Some of key questions to be discussed are:
- What is the “typical” Hadoop cluster and what should be installed on the different machine types?
- Why should you consider the typical workload patterns when making your hardware decisions?
- Are all microservers created equal for Hadoop deployments?
- How do I plan for expansion if I require more compute, memory, storage or networking?

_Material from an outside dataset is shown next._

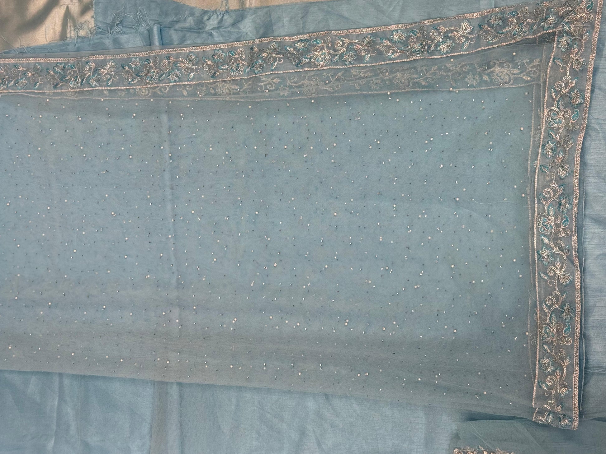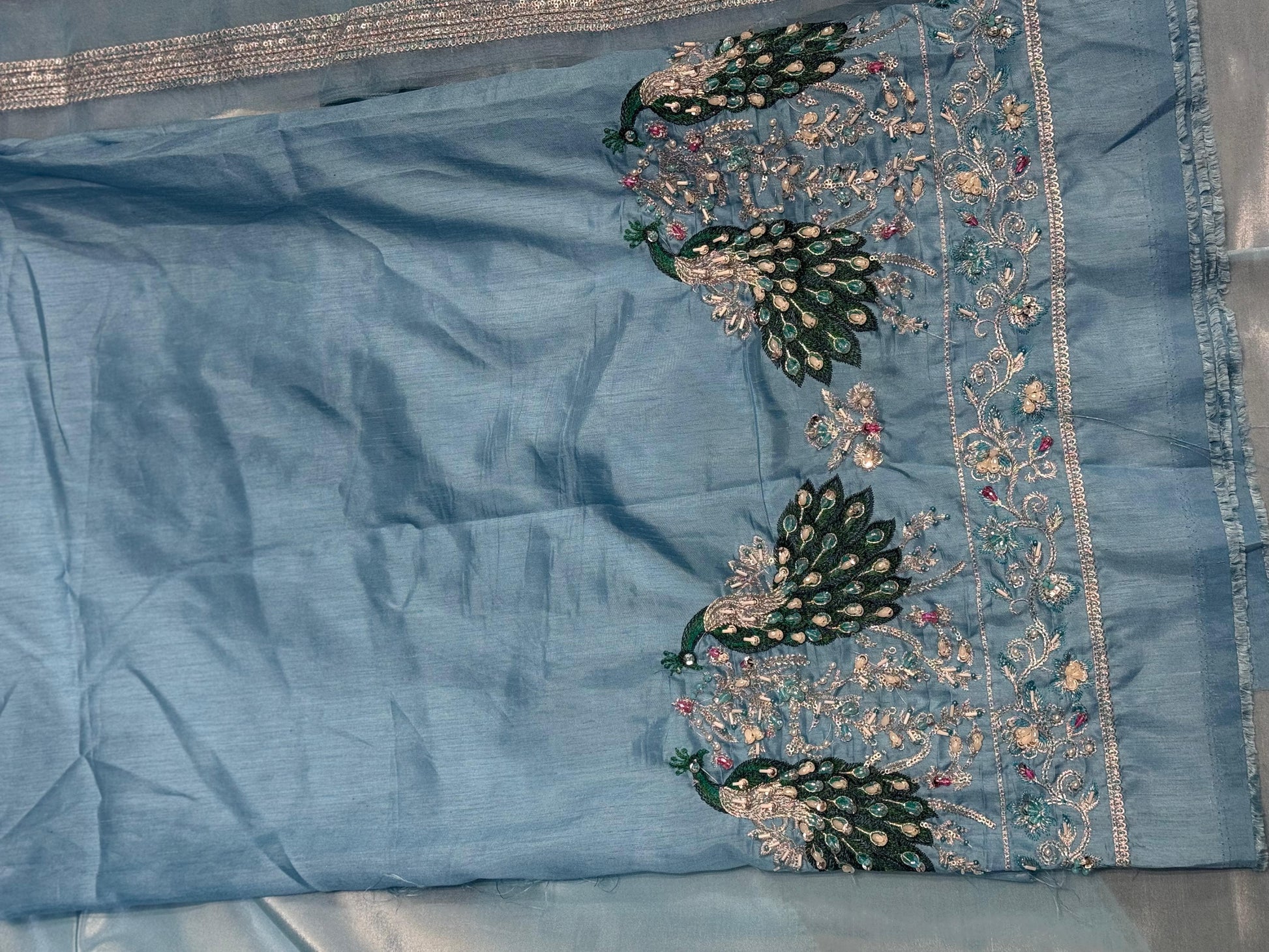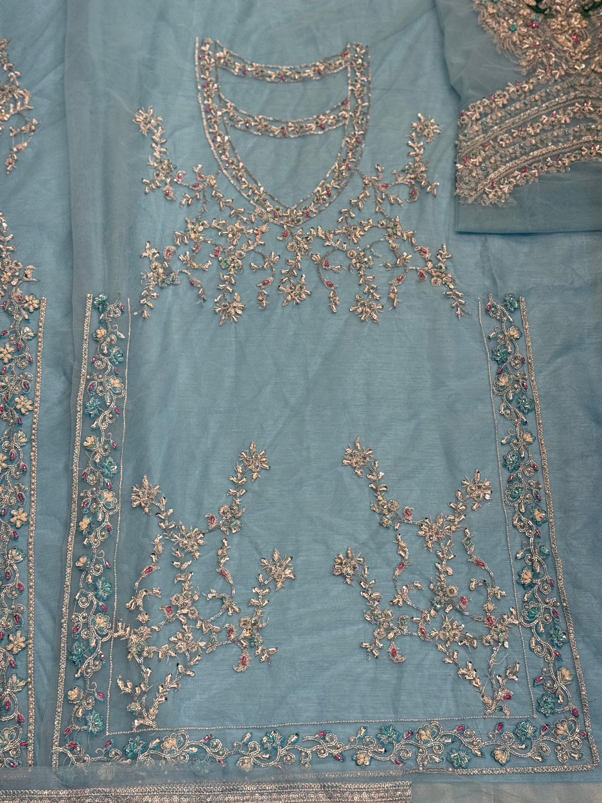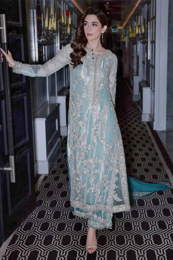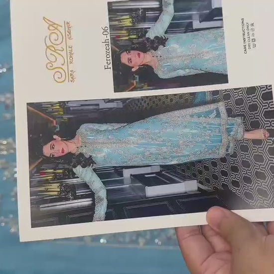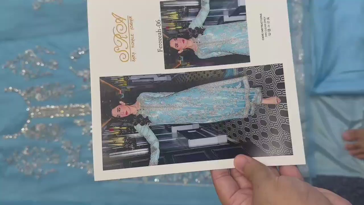- Ferozeah" is a stunning aqua-toned long shirt adorned with intricate silver embellishments and delicate handwork. The sheer dupatta features a heavily embellished border and scattered sequins, adding an ethereal touch. Paired with straight-cut trousers with bejeweled peacock hem details, this ensemble blends traditional artistry with contemporary style, perfect for making a statement.

| Designing Electronics with Linux | May 22, 2013 |
| Dynamic DNS—an Object Lesson in Problem Solving | May 21, 2013 |
| Using Salt Stack and Vagrant for Drupal Development | May 20, 2013 |
| Making Linux and Android Get Along (It's Not as Hard as It Sounds) | May 16, 2013 |
| Drupal Is a Framework: Why Everyone Needs to Understand This | May 15, 2013 |
| Home, My Backup Data Center | May 13, 2013 |
- Designing Electronics with Linux
- Dynamic DNS—an Object Lesson in Problem Solving
- Making Linux and Android Get Along (It's Not as Hard as It Sounds)
- New Products
- OpenOffice.org Off-the-Wall: ToCs, Indexes and Bibliographies in OOo Writer
- Dart: a New Web Programming Experience
- Mediated Reality: University of Toronto RWM Project
- Kinect with Linux
- Power Management in Linux-Based Systems
- A Topic for Discussion - Open Source Feature-Richness?
- General
25 min 59 sec ago - Kernel Problem
10 hours 28 min ago - BASH script to log IPs on public web server
14 hours 55 min ago - DynDNS
18 hours 31 min ago - Reply to comment | Linux Journal
19 hours 3 min ago - All the articles you talked
21 hours 27 min ago - All the articles you talked
21 hours 30 min ago - All the articles you talked
21 hours 32 min ago - myip
1 day 1 hour ago - Keeping track of IP address
1 day 3 hours ago






Comments
nice follow up by the way.i
nice follow up by the way.i think that is good help for single mothers
HEC Montréal: Follow-up on the Large-Scale Mail Installation
Amazing stuff and I very much like the Table 2. Cost Worksheet.
Very detailed and neatly written.Thanks for sharing such a great article. wristbands
User Friendly
Now days email is so user friendly and easy to set up. You use to need an I.T. guy anytime you needed to integrate emails, or set up a brand new email system. Now pretty much everything is integrated making most websites, or html email accessible. Wordpress for example comes with automatic email installation. Just goes to show how far we've come with technology. fulfillment companies
IMAP usage
If their services are anything like ours, their graph of service utilization doesn't clearly represent the real use of their IMAP services. A POP3 user will typically poll the server regularly, causing a connection to be logged each and every time, where it's not uncommon for IMAP users to remain connected throughout the day, showing only one connection initated.
For IMAP utilization, it is usually more interesting to look at the number of concurrent POP and IMAP connections, as this often more closely reflects the real load on the server.
Of course, I could also be entirely wrong about how they're graphing their results.
Re: IMAP usage
I haven't looked closely at their stats. But they are using Squirrelmail to provide their webmail services. We do as well and have noticed that
it logs in a lot to do its job.
IMAPproxy
They're running IMAPproxy (which makes the webmail connections persistent) to counter that.